There are key differences in the role of the insurer in insurance expert proceedings as opposed to its role in Court-ordered expert proceedings. In the first type of proceedings, the insurer is supposed, with independence and neutrality, to assess coverage and, the case arising, quantum while in the second type, the insurer has to defend its insured’s interests.

It is very common for insurers to have to play both roles, often one after the other. It is accordingly very easy to understand the tricky situation the insurance company is then facing.

Indeed, before Court-ordered expert proceedings are launched, the insurers are generally involved by all the relevant parties at stake. The insurer of the injured party is usually the first one informed and the first who comes on site to determine whether or not the insurance policy covers the damage in question and what is the root cause of such damage. When doing so, the expert acting for the insurance company is supposed to follow the rules that all experts must comply with, ie, neutrality, conscience and impartiality. This means that if the damage is due, whether wholly or partly, to the insured, the insurance company’s expert is supposed to disclose it in his/her report. While these reports were at first considered as internal documents to the insurance company and were not disclosed to the other parties, most Court-appointed experts now request to be communicated a copy of each insurer’s expert’s report. The refusal of a party to file such a copy is often seen as a sign that the insurer’s expert found that the root cause was due to this insurer’s insured.

The insurance company may, therefore, be inclined to ask their experts to draft reports that do not state that the damage is due to the insured as such findings would then be used against it. However, the latter cannot state something that goes against what he/she thinks in his/her report just in case Court-ordered expert proceedings follow. Indeed, French Courts consider that the insurer’s expert and the insurer have a contractual relationship and that if the insurer’s expert’s findings are wrong and cause a further damage to the insured, he/she will be liable and have to bear the consequences of his/her breach. French Courts have also condemned insurance experts in tort when their findings created damages to third parties (French Supreme Court, 3rd Civil Chamber, 28 January 1998; French Supreme Court, 3rd Civil Chamber, 10 July 2002). The only way this expert can, in these circumstances, defend him/herself is by showing that he/she acted with neutrality, conscience and impartiality. Furthermore, since the French Supreme Court held that experts usually acting for insurance companies can also be Court-appointed experts (French Supreme Court, 2nd Civil Chamber, 22 May 2008), many have been doing both. As such, these experts cannot take the risk of stating something of which they are not convinced in insurance expert proceedings, as it may well be used against them in other Court-ordered expert proceedings involving similar technical issues.

What is, therefore, advised is for the insurance company’s expert to draft a report which is as broad as possible with warnings as to the extent of knowledge he/she has on the facts if he/she is convinced that the damage is due to the insured. In other words, the insurance company’s expert must warn the reader that his/her conclusions are made in light of the facts and damage he/she is aware of and that his/her conclusions should be completed with further tests and discussions. This will help the insurance company in Court-ordered expert proceedings to then argue that its expert’s report is not as relevant/definitive as it seems.

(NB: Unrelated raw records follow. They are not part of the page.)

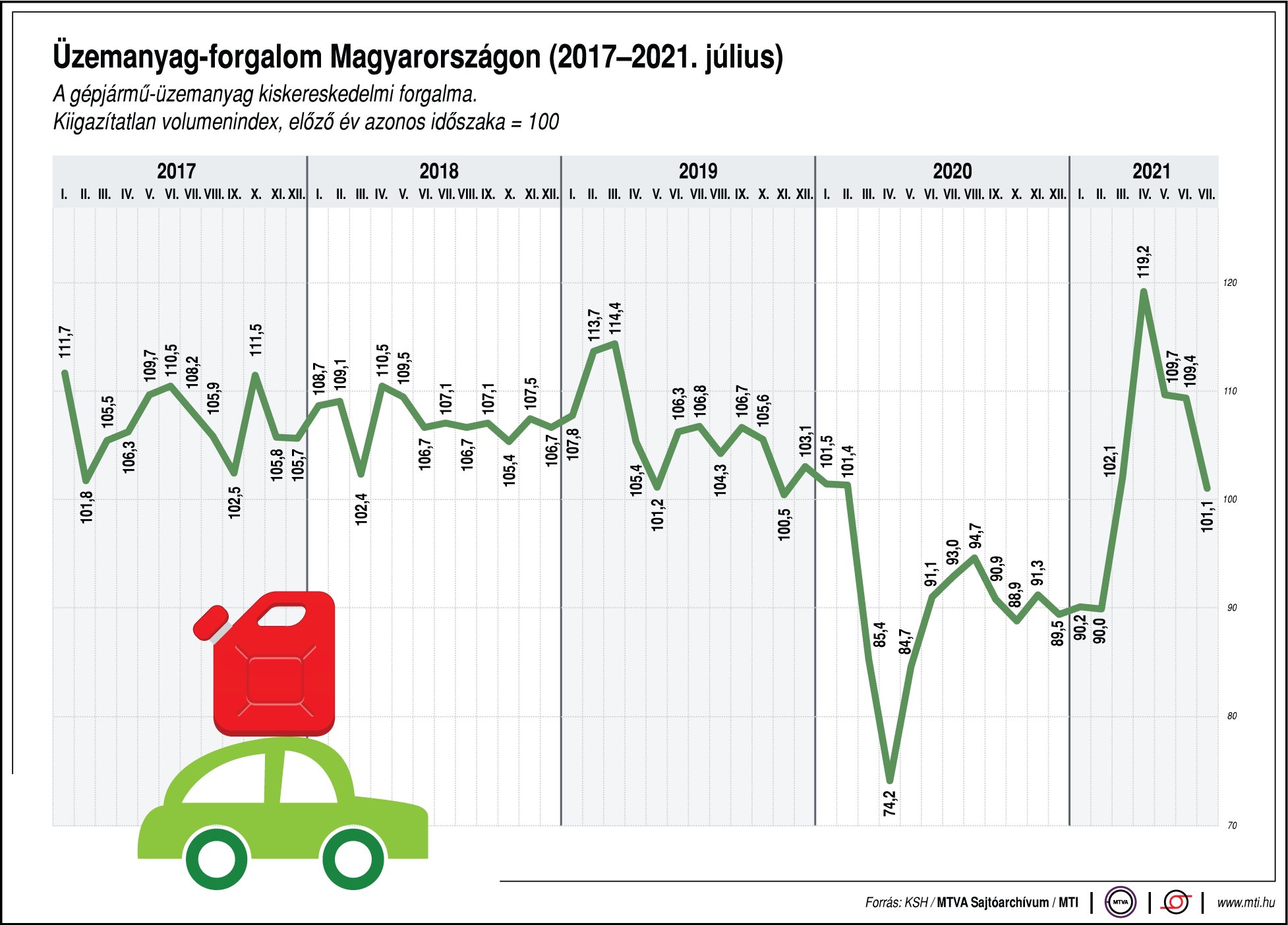 - Benzines jármű esetén 6,33 l/100 km
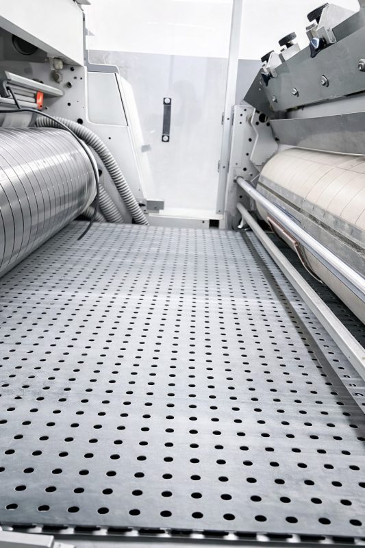 Heiber & Schröder makinelerine özel delikli konveyör bantlar, üretim performansını artırmak için optimize edilmiştir.
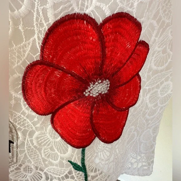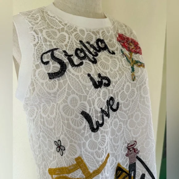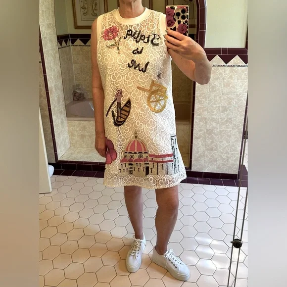 This is a vintage piece with no label, but she is adorable! Featuring some of the best Italian destinations and symbols, this embroidered A line dress is one of a kind. No one else will be dressed like you at the party or on vacation! Cute with sneakers or ballet flats, and even a red high heel for evening. Comes with a slip. Zips up the back. She fits me as a size 6, but could go up to an 8. Please go by the measurements to be sure. Bust to 37”Waist to 38”Hips to 42”length from shoulder to hem: 33.5

Insurers have a key role in Court-ordered expert proceedings and greatly influence the Court-appointed expert as they involve their own experts who speak the same technical language. They are now almost systematically involved as parties when they were before only observers. They, therefore, need to adjust their strategy and be aware that their internal investigations on the issue will likely be disclosed and may be used against them and their insured.